The yellow-bellied poison frog, yellow-bellied poison-arrow frog, or yellowbelly poison frog (Andinobates fulguritus) is a species of frog in the family Dendrobatidae. It is found in northwestern Colombia (Chocó Department and the westernmost Antioquia and Risaralda) and east-central Panama.

==Description==
Males measure 13.5–15 mm and females 14–16.5 mm in snout–vent length. The dorsum is black with gold, yellow, or yellow-green dorso-lateral and lateral stripes (only the former are complete). On the anterior part of the dorsum there is an incomplete median stripe. The venter is gold or yellow and has black marbling or spots. The skin is slightly granular on the dorsum and moderately granular on the venter. The tympanum is round and has its postero-dorsal part concealed. The iris is black. Both fingers and toes lack fringes and webbing.

==Etymology==
The frog's Latin name, fulguritus, means "struck by lightning."

==Reproduction==
The male frog identifies a suitable egg deposition site and leads the female frog to it. He deposits his sperm first and she lays her eggs on top of it. The eggs are deposited in leaf-litter. The male frog returns to the eggs periodically. When the eggs hatch, the adult frog takes the tadpoles to leaf axils, usually bromeliads, where they complete their development without further parental care.

==Habitat and conservation==
Its natural habitats are tropical moist lowland forests. In Columbia its altitudinal range is 160–900 m above sea level; in Panama it might reach higher. It is a locally common, terrestrial frog.

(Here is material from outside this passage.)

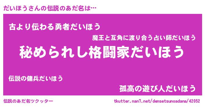 | 意味不明あだ名 | 『住所不定無職だいほう(6歳)』 |

The IUCN classifies this frog as at least concern of extinction. It is threatened by habitat loss, specifically deforestation in favor of human settlement, logging, and illegal farming, and pollution, specifically the spraying of pesticides and fertilizers on illegal crops. This species seems not to be collected for pet trade.

The frog's range includes protected parks, such as but not limited to Parque Nacional Chagres and Area de Manejo Especial Nusagandi.